It is no exaggeration to say that the past year has seen the most significant push to reform the U.S. Food and Drug Administration’s (FDA) generally recognized as safe (GRAS) process in more than two decades (see our prior post discussing in more detail the GRAS process). What is increasingly clear, however, is that GRAS reform has implications beyond traditional foods. For instance, many dietary supplements rely on GRAS substances or approved food additives as ingredients or excipients. Altogether, reconsideration of long‑standing GRAS determinations could reshape product formulation decisions, regulatory strategies and supply chains across multiple regulated industries.
Whatever the mix of political, public health and policy forces driving this momentum, one thing is clear: the GRAS landscape is shifting quickly. Below is a snapshot of recent developments in the Executive Branch and Congress, including a new FDA announcement concerning a common ingredient with a multi‑decade GRAS listing.
Executive Branch
Since December 2025, the Office of Management and Budget (OMB) has been reviewing a proposed rule submitted by FDA “…to require the mandatory submission of GRAS notices for the use of human and animal food substances that are purported to be GRAS.” After more than a year of heightened rhetoric targeting the current GRAS framework, particularly the self-affirmed GRAS pathway and historical GRAS determinations/listings, this development signals that reform efforts may finally be translating into concrete regulatory action.
That momentum was underscored further on Tuesday, February 10, when FDA announced that it is launching a comprehensive reassessment of butylated hydroxyanisole (BHA), a common food preservative that FDA previously listed as GRAS in 1958 and approved as a food additive in 1961. FDA stated that the review will evaluate whether BHA remains safe under its current conditions of use based on the “latest scientific evidence” and issued a Request for Information as part of the reassessment. Notably, FDA framed the BHA review as part of a broader effort—echoing priorities in the Make America Healthy Again Commission’s Strategy Report—to expand post‑market review of food chemicals, including GRAS substances, and to revisit the durability of long‑standing GRAS determinations.
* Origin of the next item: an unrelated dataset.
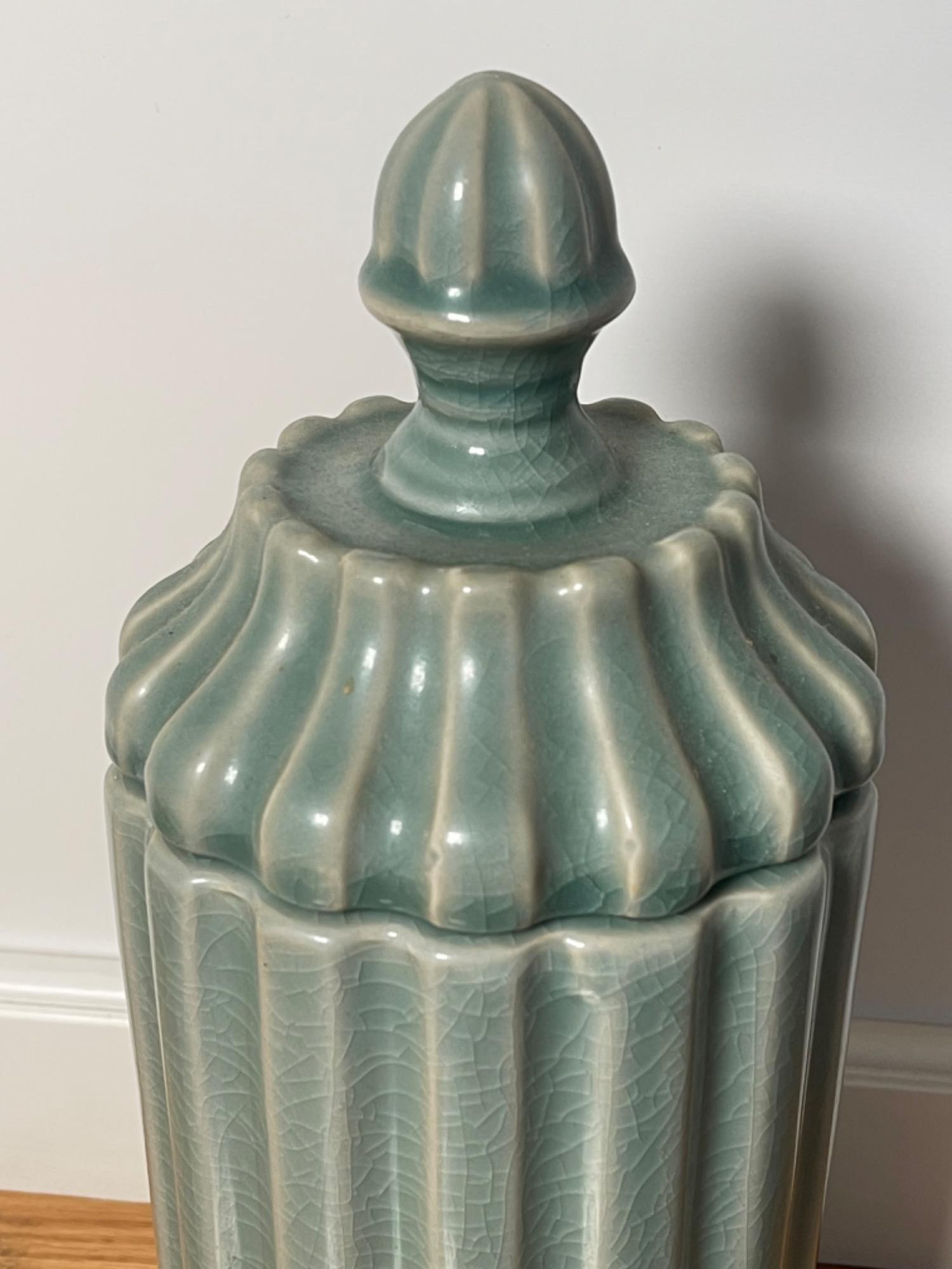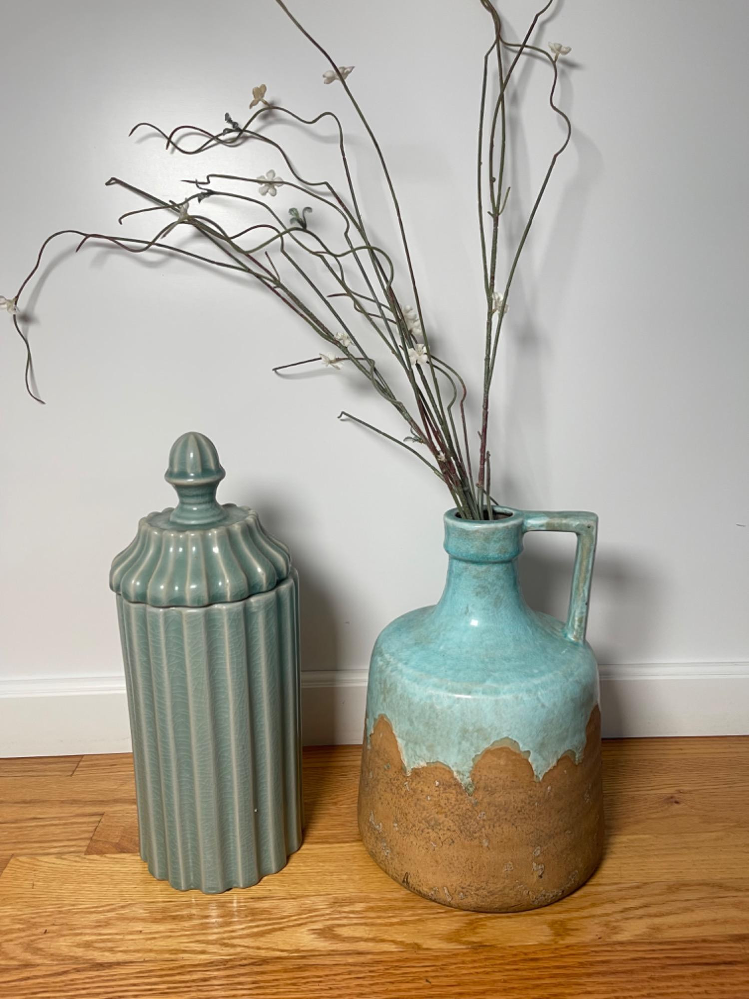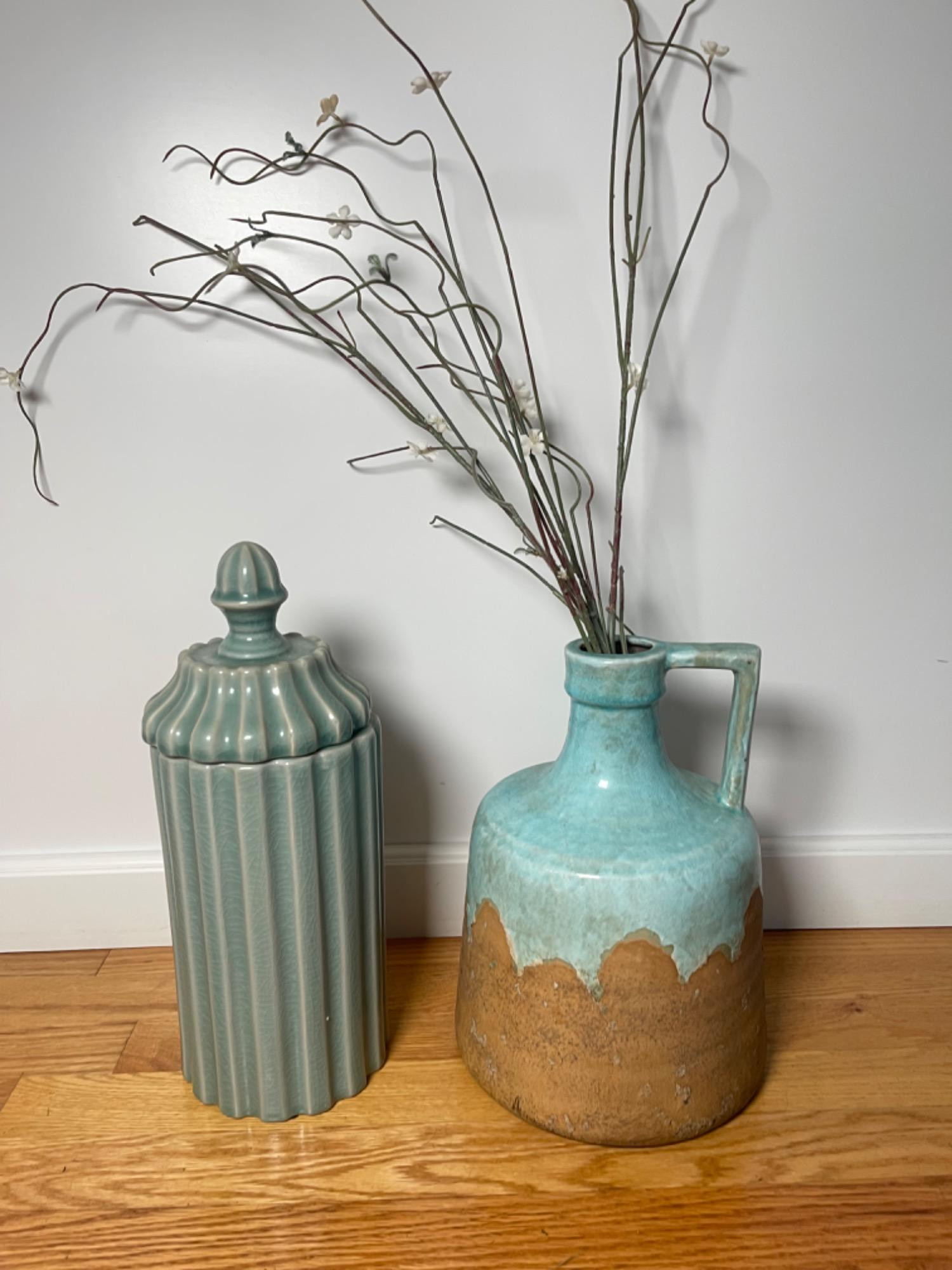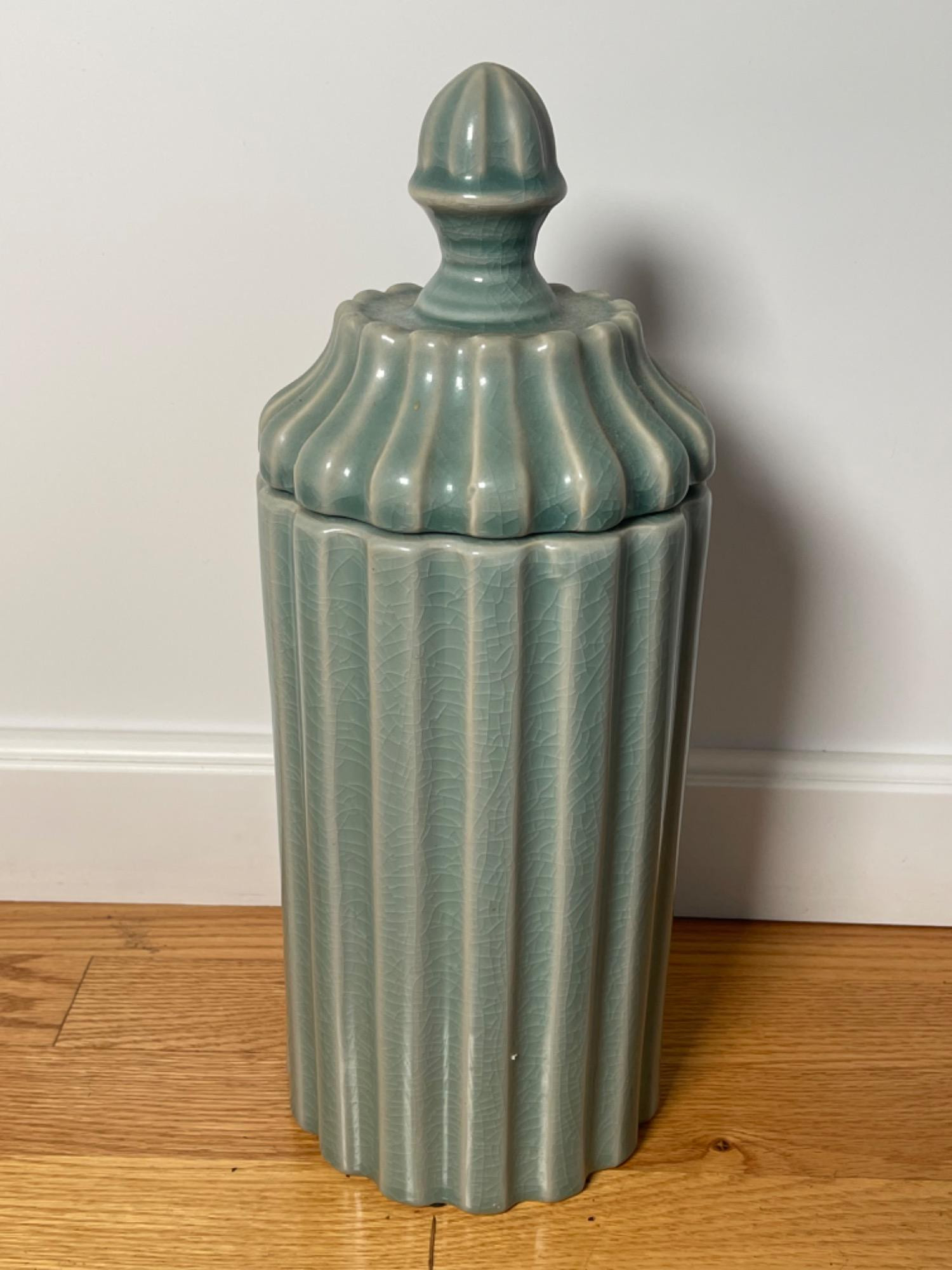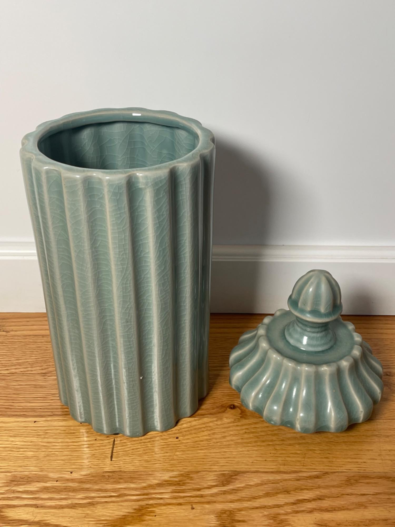Duo of Blue Ceramic Canister Decor Good used condition. Please see photos. Small: 12” H Large: 14.5” H

Against this backdrop of heightened scientific and policy scrutiny, any discussion of a mandatory notification regime must contend with a fundamental legal question: does FDA have the statutory authority to require one?
That question was addressed on September 30, 2021, when the U.S. District Court for the Southern District of New York upheld FDA’s 2016 GRAS Final Rule. In that decision, the court concluded that the Federal Food, Drug, and Cosmetic Act (FDCA) can reasonably be interpreted to permit a voluntary GRAS notification program. The court also agreed with the government’s position that the FDCA does not compel FDA to require mandatory notifications and found no conflict between the GRAS Final Rule and the statute. Importantly, the court emphasized that any material changes to the GRAS framework “…lies with Congress, not [the courts] …” to decide.
As a result, absent new congressional action (discussed below), any FDA rule that seeks to impose a mandatory GRAS notification requirement would almost certainly face legal challenge if finalized.
Congress
Congress also appears to be entering the fray on these issues. As of the date of this article, four separate bills have been introduced that would reform various aspects of the GRAS framework. While these proposals differ in their approaches to transparency, disclosure obligations, funding and FDA authority, they all point in the same direction: a meaningful departure from the current GRAS status quo. Notably, however, each of the pending bills is silent on federal preemption— a notable dynamic that is certain to be closely watched as existing (and emerging) state level requirements evolve. Absent a uniform federal standard, regulated entities should anticipate continued variation across jurisdictions, with the potential for increased compliance complexity and operational challenges.
Akin is closely tracking these developments and their potential impact on regulated industry.